**What you have to do**
Extract the lines beginning at the one that holds "1月9日,昆明天气放晴、气温回升,不少市民和游客来到滇池边观赏美景、投喂红嘴鸥。图为滇池边飞舞的红嘴鸥。中新社记者 刘冉阳 摄" and ending at the final line of the material below, keeping them exact and leaving out all pictures.

**Data section**
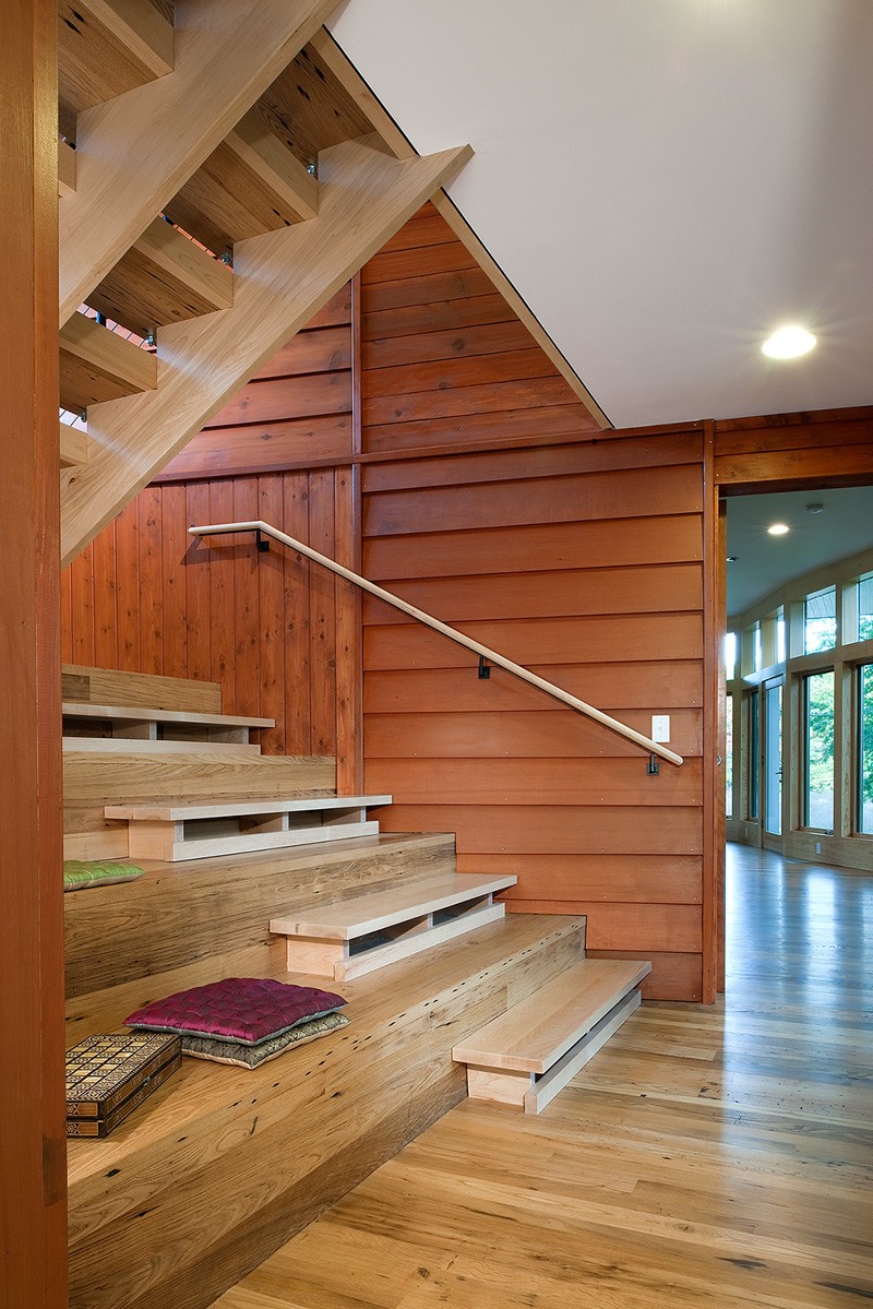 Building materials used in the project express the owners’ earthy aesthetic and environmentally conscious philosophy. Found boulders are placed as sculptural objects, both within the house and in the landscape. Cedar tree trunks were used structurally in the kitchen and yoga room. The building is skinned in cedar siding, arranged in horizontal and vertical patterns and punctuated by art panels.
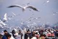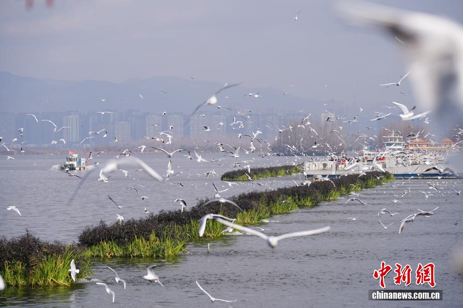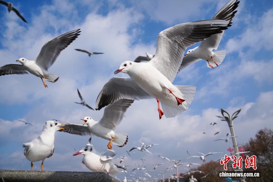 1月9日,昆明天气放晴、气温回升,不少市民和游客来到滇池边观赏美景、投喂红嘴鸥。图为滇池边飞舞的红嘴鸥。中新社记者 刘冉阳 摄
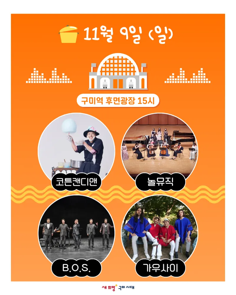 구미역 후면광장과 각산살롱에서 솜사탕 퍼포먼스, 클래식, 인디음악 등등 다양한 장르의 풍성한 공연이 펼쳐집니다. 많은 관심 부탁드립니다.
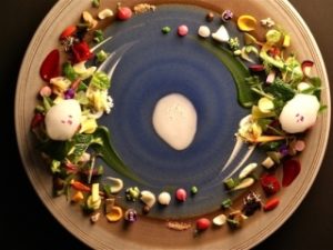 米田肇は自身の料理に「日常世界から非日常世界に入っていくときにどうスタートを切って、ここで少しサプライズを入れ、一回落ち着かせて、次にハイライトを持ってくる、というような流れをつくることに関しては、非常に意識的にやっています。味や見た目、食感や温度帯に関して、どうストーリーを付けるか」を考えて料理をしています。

**Completed exercise**
 1月9日,昆明天气放晴、气温回升,不少市民和游客来到滇池边观赏美景、投喂红嘴鸥。图为滇池边飞舞的红嘴鸥。中新社记者 刘冉阳 摄
 구미역 후면광장과 각산살롱에서 솜사탕 퍼포먼스, 클래식, 인디음악 등등 다양한 장르의 풍성한 공연이 펼쳐집니다. 많은 관심 부탁드립니다.
 米田肇は自身の料理に「日常世界から非日常世界に入っていくときにどうスタートを切って、ここで少しサプライズを入れ、一回落ち着かせて、次にハイライトを持ってくる、というような流れをつくることに関しては、非常に意識的にやっています。味や見た目、食感や温度帯に関して、どうストーリーを付けるか」を考えて料理をしています。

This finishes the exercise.